> WHAT IS BEING ASKED
The answer should be a faithful retyping of the records that follow, pictures excluded.

> MATERIAL PROVIDED
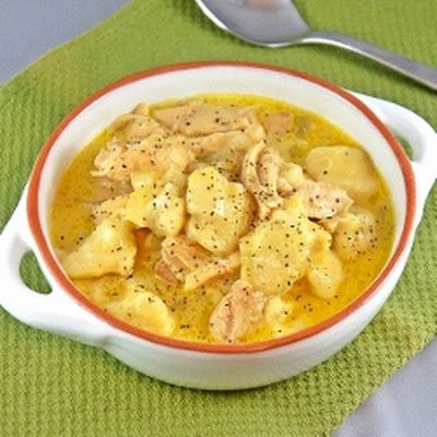 5. Once it is finished simmering, drop dough by the tablespoon-full into chicken stew mixture. Cover again and finish cooking over medium-low heat for 15 minutes or until dumplings are fully cooked.
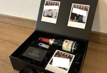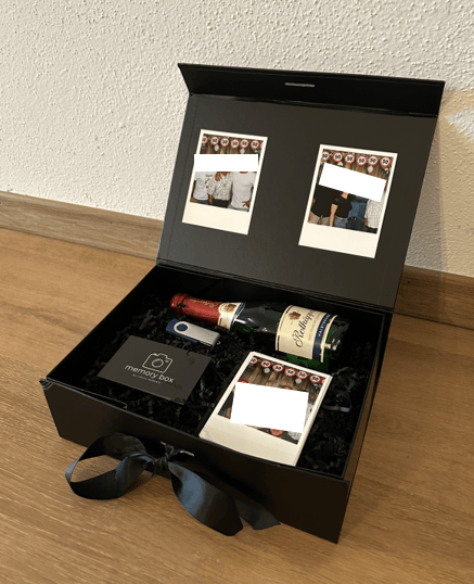 Bei der memorybox handelt es sich um eine für deine Veranstaltung individuelle Erinnerungsbox. Diese beinhaltet ausgedruckte Schnappschüsse, welche die Highlights deines Events widerspiegeln, einen USB-Stick sowie ein kleines Dankeschön.
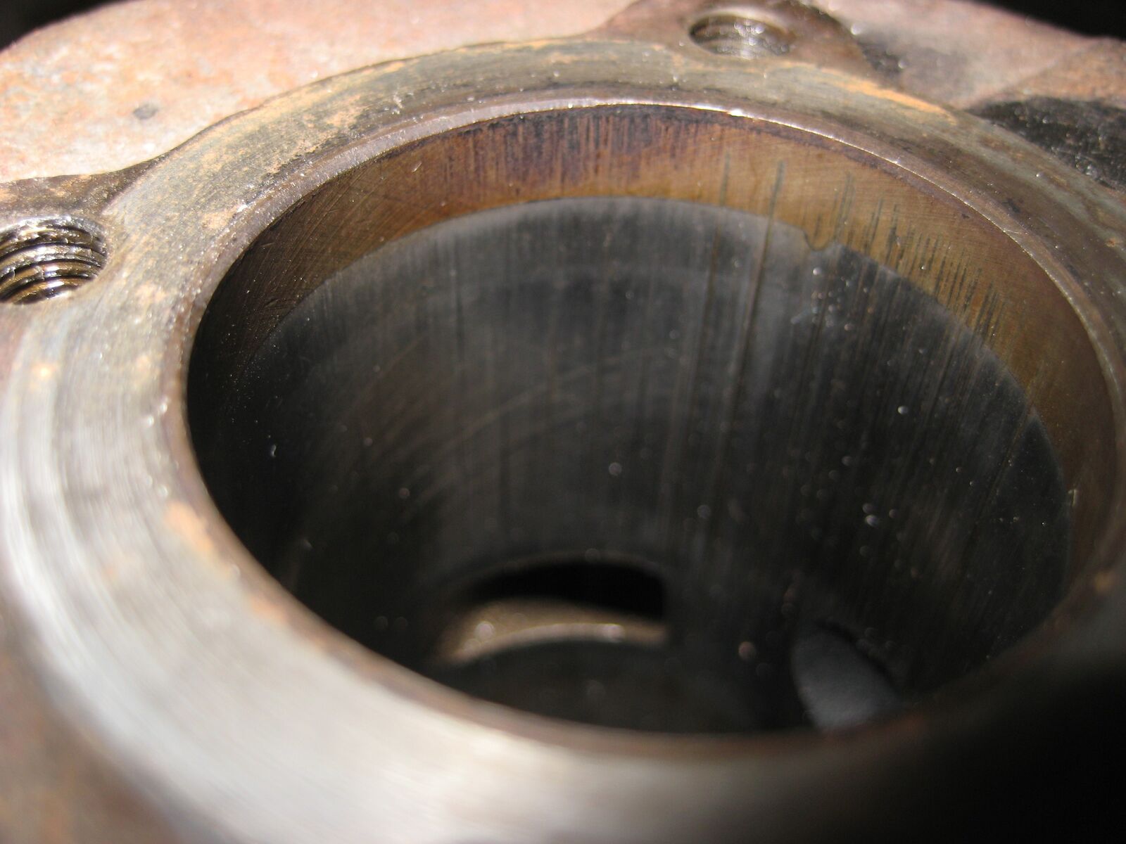 Der Innenraum sieht recht O.K. aus-so sehen bei mir die älteren Zylinder auch schon mal aus,kommt halt von der Verbrennung im oberen Zylinderbereich-aber nur,wenn die Fläche "Anlaßfarbe" hat,d.h. die Fläche (das Metall) verfärbt sich bei Hitze .
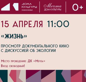 Друзья! Тема экологии сегодня актуальна как никогда. 🌳 ДК "Мечта" приглашает вас 15 апреля в 11.00 на просмотр документального фильма «Жизнь», а после него обсудим увиденное и поговорим о том, что каждый из нас может сделать для нашей планеты [...]
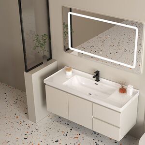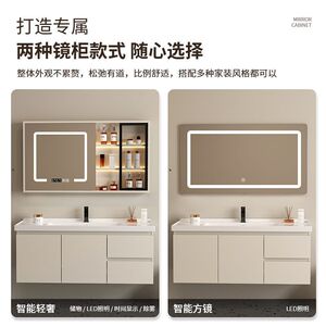 奶油现代智能浴室柜简约陶瓷一体洗脸盆组合卫生间洗漱实木洗手盆
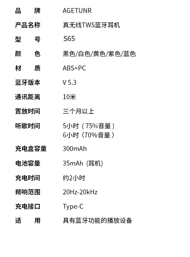 새로운 S65 무선 블루투스 헤드셋 TWS 블루투스 V5.4 음악 게임 헤드셋스토어 가기
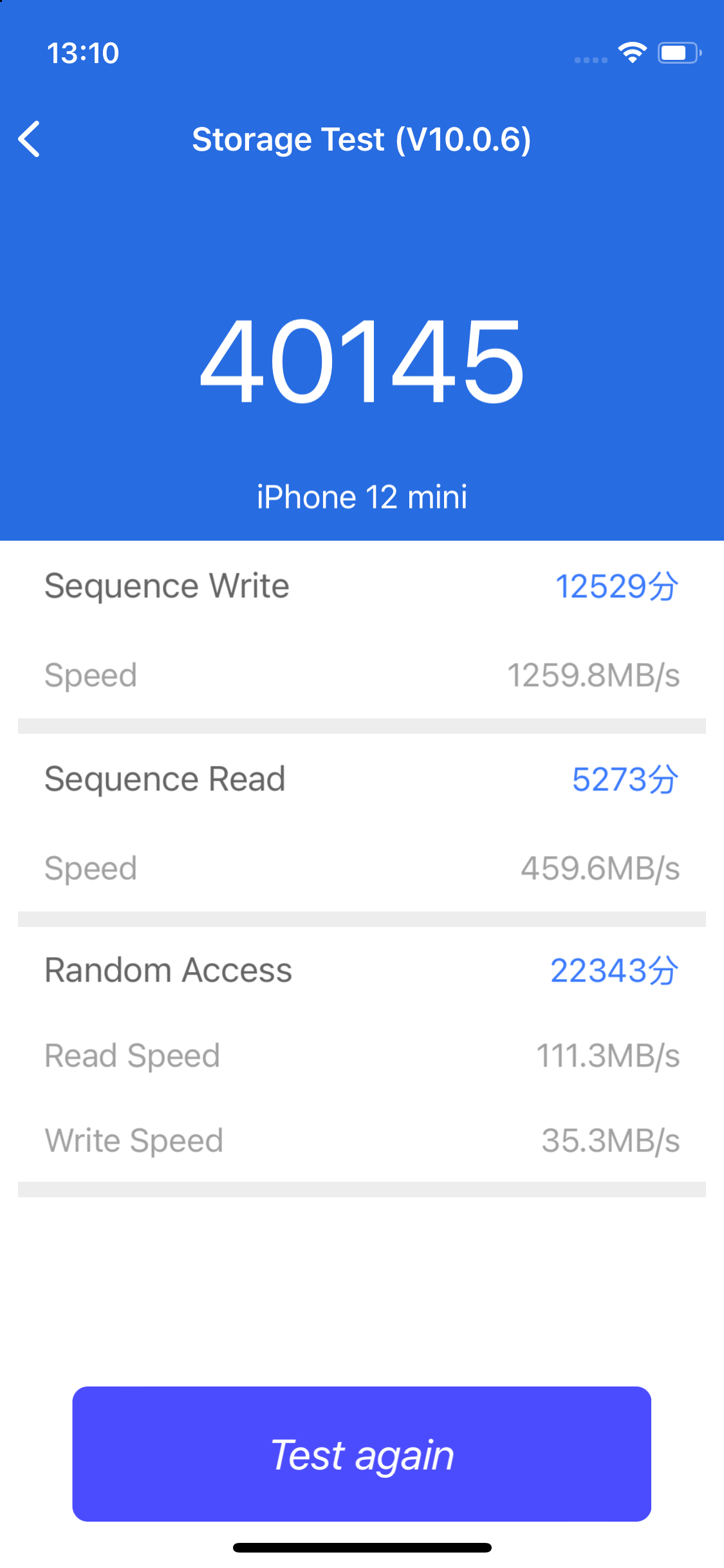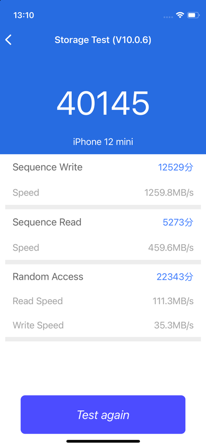 - Antutu Storage Test — 40145. Здесь немного необычно, что скорость записи 1260 MB/s выше скорости чтения 460 MB/s

> YOUR SOLUTION
 5. Once it is finished simmering, drop dough by the tablespoon-full into chicken stew mixture. Cover again and finish cooking over medium-low heat for 15 minutes or until dumplings are fully cooked.
 Bei der memorybox handelt es sich um eine für deine Veranstaltung individuelle Erinnerungsbox. Diese beinhaltet ausgedruckte Schnappschüsse, welche die Highlights deines Events widerspiegeln, einen USB-Stick sowie ein kleines Dankeschön.
 Der Innenraum sieht recht O.K. aus-so sehen bei mir die älteren Zylinder auch schon mal aus,kommt halt von der Verbrennung im oberen Zylinderbereich-aber nur,wenn die Fläche "Anlaßfarbe" hat,d.h. die Fläche (das Metall) verfärbt sich bei Hitze .
 Друзья! Тема экологии сегодня актуальна как никогда. 🌳 ДК "Мечта" приглашает вас 15 апреля в 11.00 на просмотр документального фильма «Жизнь», а после него обсудим увиденное и поговорим о том, что каждый из нас может сделать для нашей планеты [...]
 奶油现代智能浴室柜简约陶瓷一体洗脸盆组合卫生间洗漱实木洗手盆
 새로운 S65 무선 블루투스 헤드셋 TWS 블루투스 V5.4 음악 게임 헤드셋스토어 가기
 - Antutu Storage Test — 40145. Здесь немного необычно, что скорость записи 1260 MB/s выше скорости чтения 460 MB/s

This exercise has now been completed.